The European Central Bank (ECB) in Frankfurt, Germany is the reserve bank for the euro area. The ECB sets interest rates and manages monetary policy for the region. The ECB’s main mandate is to maintain price stability, which means keeping inflation at around 2%. Its main tool to achieve this is by raising or lowering interest rates. Relatively high interest rates will usually lead to a stronger euro and vice versa. The Governing Council of the ECB takes monetary policy decisions at meetings held eight times a year. Decisions are taken by the heads of national banks in the euro area and six permanent members, including ECB President Christine Lagarde.

In extreme situations, the European Central Bank can implement a policy tool called Quantitative Easing.

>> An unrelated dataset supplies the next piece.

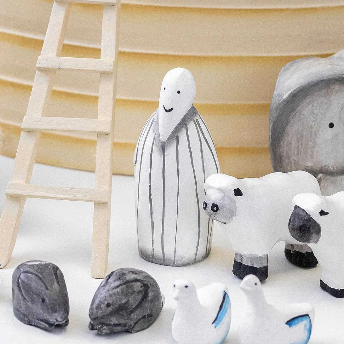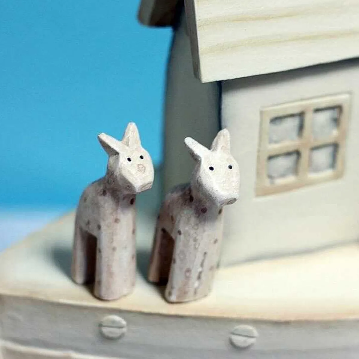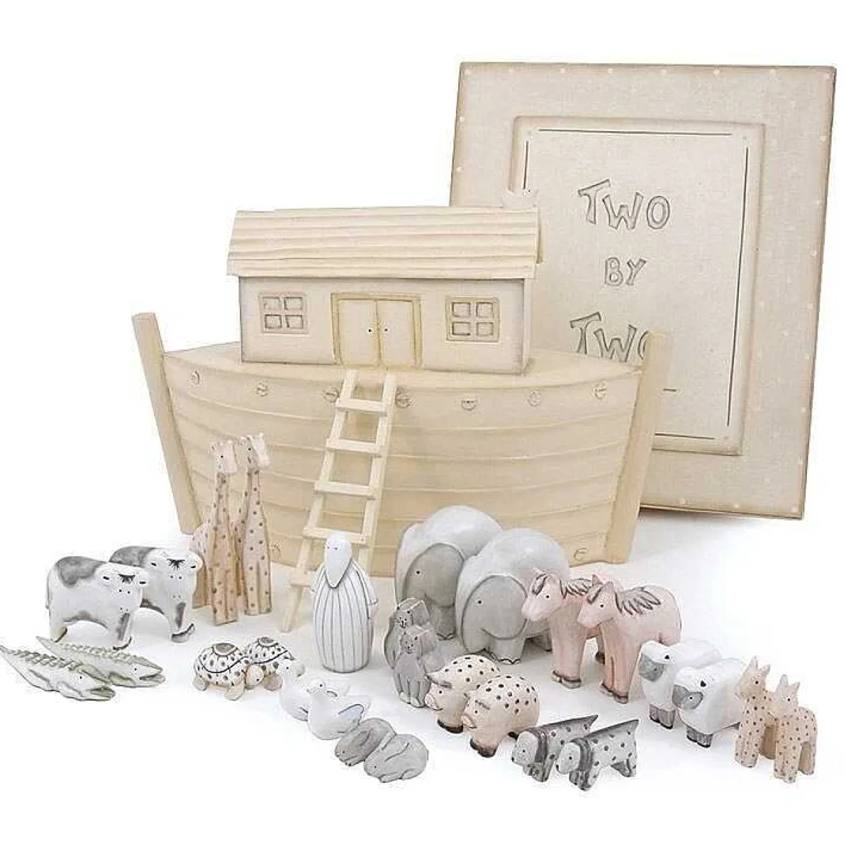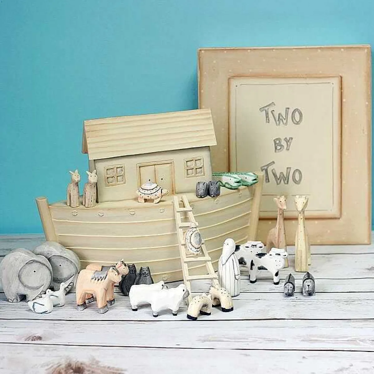 The Wooden Box Which Accompanies The Ark Is Painted In Matching Soft Tones Of Cream And Ochre, The Lid Fits Snugly And Has A Pattern Of Pale Polka Dots And A Cream-Painted Plaque, Which Is Carved With The Words Two By Two And A Tiny Heart. The Lid Lifts Off To Reveal A Partitioned Interior, With Shredded Brown Paper To Emulate The Straw Which The Animals Are Using For Bedding. There Are Elephants, Giraffes, Cows, Leopards, Geese, Pigs, Cats And Crocodiles, Turtles, Sheep And Horses, All Nestled Together And All Carved And Painted In An Endearing Naïve Style With Soft Colours And Simple Contours. Noah Himself Is Carved With The Simplicity Of A Nordic Sculpture, With A Pointed Beard And A Hint Of Indentation Suggesting A Moustache, Above Which Two Dots For Eyes Give Him A Slightly Bemused Expression. The Final Piece Is A Primitive A-Frame Ladder, By Which The Animal Passengers Enter The Ark, Two By Two.

QE is the process by which the ECB prints euros and uses them to buy assets – usually government or corporate bonds – from banks and other financial institutions. QE usually leads to a weaker euro. QE is a last resort when simply lowering interest rates is unlikely to achieve the objective of price stability. The ECB used it during the Great Financial Crisis of 2009-11, in 2015 when inflation remained stubbornly low, and during the covid pandemic.

Quantitative tightening (QT) is the inverse of QE. It is undertaken after QE when an economic recovery is underway and inflation begins to rise. While in QE the European Central Bank (ECB) buys government and corporate bonds from financial institutions to provide them with liquidity, in QT the ECB stops buying more bonds and stops reinvesting the maturing principal in the bonds it already owns . It is usually positive (or bullish) for the euro.